La Universidad de Jaén, a través de la Unidad Funcional de Ecología, cuyo responsable es el catedrático Roberto García Ruiz,  del Instituto Universitario de Investigación en el olivar y aceites de oliva (INUO)  y el laboratorio INTELLFOO, al frente del cual está el catedrático Francisco Ramón Feito Higueruela, se han unido con la Consultora Grupo CONSULE, La S.C.A. Santa Teresa de Jesús y la Fundación del Común de Segura para desarrollar un estándar que certifique el incremento del Carbono orgánico almacenado en los suelos del olivar, y que esto pueda suponer una fuente de ingresos a los olivareros, especialmente en áreas donde los gastos de producción, la sensibilidad edáfica a la erosión y la competencia intracultivo entre otros, pueda suponer un futuro incierto de este sector productivo rural.
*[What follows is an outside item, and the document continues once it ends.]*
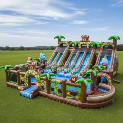 Nuestra tecnología de costura es de doble costura con costura cuádruple en el punto de tensión inferior, cuidamos todos estos detalles con barras de refuerzo adicionales para garantizar que no haya problemas cuando los clientes los usen, asegurando que los inflables tengan una vida útil de más de 3 años.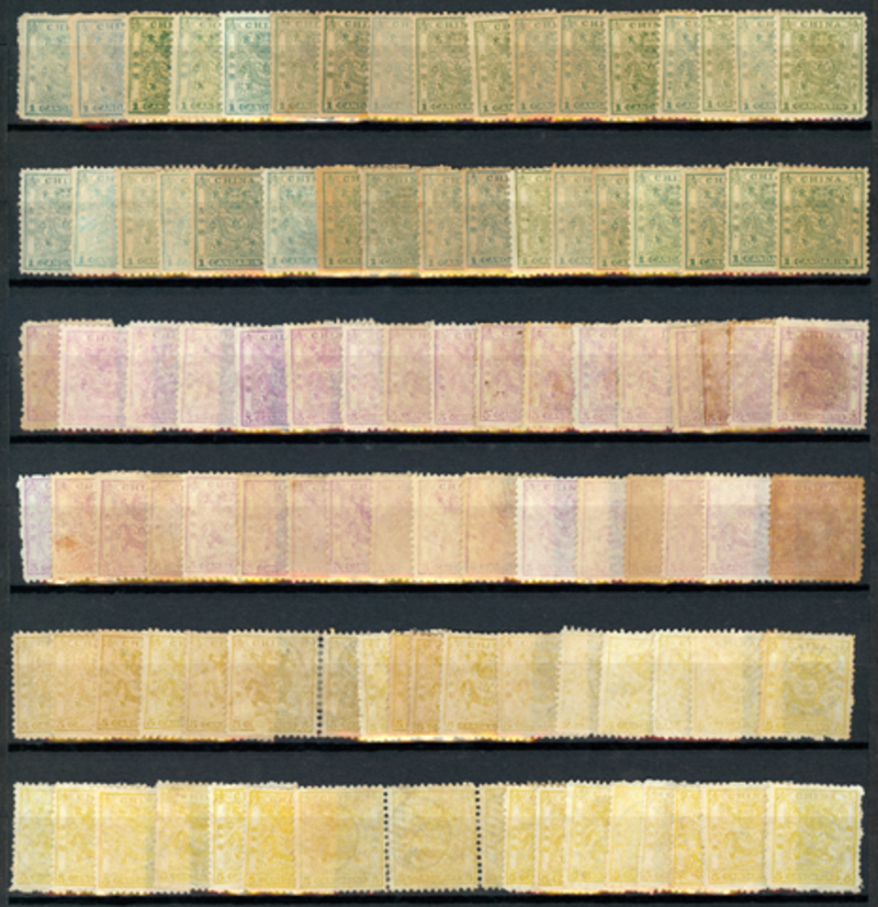 Small Dragons Selection, group of 34 complete sets of 3, condition mixed, repaired, regummed, etc.

Hacerlo de manera accesible y altamente escalable será otra de las facetas que la UJA va a tratar de facilitar, para llegar al mayor número de agricultores/as y hectáreas con datos de laboratorio y su cotejo con técnicas de teledetección. Desde el pasado mes de marzo de 2024 y hasta el próximo mes de junio de 2025 se desarrollarán las tomas de muestras en fincas tipo, el análisis en laboratorio y análisis de imágenes satélite para comprobar la evolución de las cantidades de carbono almacenados en los suelos del olivar según las distintas prácticas agronómicas recomendadas para tal fin.

Los resultados se irán compartiendo con los agricultores a lo largo de la ejecución del proyecto, como destinatarios últimos de los beneficios que se deriven del mismo, a través de jornadas formativas e informativas que busquen el mayor impacto social.

En un interesante artículo sobre el tema, Juan Sagarna, director del departamento de Sostenibilidad, Calidad e Innovación de Cooperativas Agro-alimentarias de España, ha analizado en detalle todo lo que puede suponer para el sector agrario el acuerdo a nivel europeo sobre certificaciones de carbono y sobre todo las prácticas que se pueden ver más beneficiadas. Según Juan Sagarna, se diferencian cuatro tipos de actuaciones que generarían unidades o certificados diferentes:

-Certificados obtenidos por la eliminación permanente de carbono (almacenamiento de carbono atmosférico o biogénico durante varios siglos).

-Certificados obtenidos por el almacenamiento temporal de carbono en productos duraderos, como los materiales de construcción biogénicos como la madera o similares, con una duración mínima de 35 años.

-Certificados obtenidos por el almacenamiento temporal de carbono procedente de la agricultura o silvicultura de carbono. Algunas de las prácticas interesantes en España podrían ser la restauración de bosques y suelos, las nuevas cubiertas vegetales, la agricultura de conservación, los barbechos mejorados, mejoras en las rotaciones, cambio de herbáceos a leñosos.

-Certificados obtenidos por reducción de las emisiones vinculadas al suelo (procedentes de la agricultura de carbono), que incluyen la reducción de las emisiones de CO2 (menor uso de diésel y energía en las labores agrícolas) y óxido nitroso (gestión de la fertilización) derivadas de la gestión del suelo.

Los agricultores pueden obtener los dos últimos certificados mediante prácticas de agricultura de carbono. El beneficio de estas prácticas debe durar al menos cinco años para ser certificadas.